POST /v1/chat/completions
POST
/v1/chat/completionsCreates a chat completion. Supports text, multimodal inputs, and streaming.
Request
Headers
| Header | Value |
|---|---|
Authorization | Bearer {api_key} |
Content-Type | application/json |
Body
{
"model": "gemini-3-flash-preview",
"messages": [
{ "role": "system", "content": "You are a helpful assistant." },
{ "role": "user", "content": "Hello, world!" }
],
"stream": false,
"temperature": 0.7,
"max_tokens": 1024
}
Parameters
| Parameter | Type | Required | Description |
|---|---|---|---|
model | string | Yes | Model ID. See supported models. |
messages | array | Yes | Array of message objects. |
stream | boolean | No | false (default) for JSON. true for SSE streaming. |
temperature | number | No | Sampling temperature, 0 to 2. |
top_p | number | No | Nucleus sampling, 0 to 1. |
max_tokens | integer | No | Maximum tokens to generate. |
stop | string | string[] | No | Up to 4 stop sequences. |
n | integer | No | Number of completions to generate. |
presence_penalty | number | No | -2.0 to 2.0. |
frequency_penalty | number | No | -2.0 to 2.0. |
user | string | No | End-user identifier for abuse detection. |
Message object
| Field | Type | Required | Description |
|---|---|---|---|
role | string | Yes | "system", "user", or "assistant". |
content | string | array | Yes | Text string, or array of content parts for multimodal. |
name | string | No | Participant name. |
Content parts (multimodal)
When content is an array, each element is a content part:
Text: { "type": "text", "text": "Describe this image." }
Image: { "type": "image_url", "image_url": { "url": "https://..." } }
Audio: { "type": "input_audio", "input_audio": { "data": "<base64>", "format": "webm" } }
Response (non-streaming)
{
"id": "chatcmpl-abc123",
"object": "text_completion",
"created": 1709123456,
"model": "gemini-3-flash-preview",
"choices": [
{
"index": 0,
"message": {
"role": "assistant",
"content": "Hello!
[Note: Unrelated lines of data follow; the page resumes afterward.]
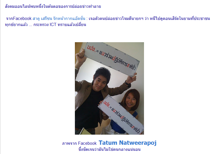 ต้นตอปล่อยข่าวนายกฯไม่สนใจแก้น้ำท่วมหนีไปดูคอนเสิร์ต-เว็บไซต์FreeThaiได้ แสดงหลักฐานตัวการที่เป็นต้นตอการปล่อยข่าวว่านายกฯยิื่งลักษณ์ไม่ใส่แก้ไข ปัญหาน้ำท่วม หนีไปดูคอนเสิร์ต เป็นผู้ใช้ชื่อล็อกอินทางทวิตเตอร์ว่า Tatum Natweerapoj
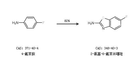 2.通过4-氟苯胺合成2-氨基-6-氟苯并噻唑,收率约82%;
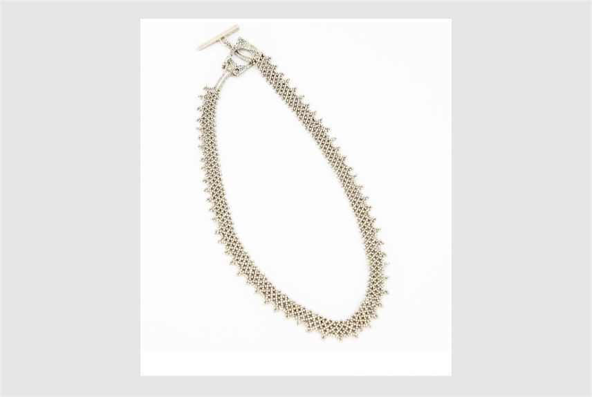 Students will learn off-loom bead weaving through the vertical netting technique, which allows participants to create a striking mesh collar inspired by one famously worn in the popular HBO series The Sopranos. While the original design incorporated platinum, this version is equally beautiful and instead utilizes seed beads. Students will learn how to weave mesh without graphs, resulting in a piece that is straightforward to construct yet technical in appearance. This class is well-suited for both beginners and experienced beaders. Kits include all beads required to complete the collar, along with stringing materials and clasps. Larger beads will also be available for those who prefer them.

How can I help you today?"
},
"finish_reason": "stop"
}
],
"usage": {
"prompt_tokens": 12,
"completion_tokens": 9,
"total_tokens": 21
}
}
Response fields
| Field | Type | Description |
|---|---|---|
id | string | Unique completion ID. |
object | string | Always "text_completion". |
created | integer | Unix timestamp. |
model | string | Model used. |
choices[].message | object | { role, content }. |
choices[].finish_reason | string | "stop", "length", or "content_filter". |
usage.prompt_tokens | integer | Input tokens. |
usage.completion_tokens | integer | Output tokens. |
usage.total_tokens | integer | Sum of input + output. |
Response (streaming)
When stream: true, the response is a stream of Server-Sent Events.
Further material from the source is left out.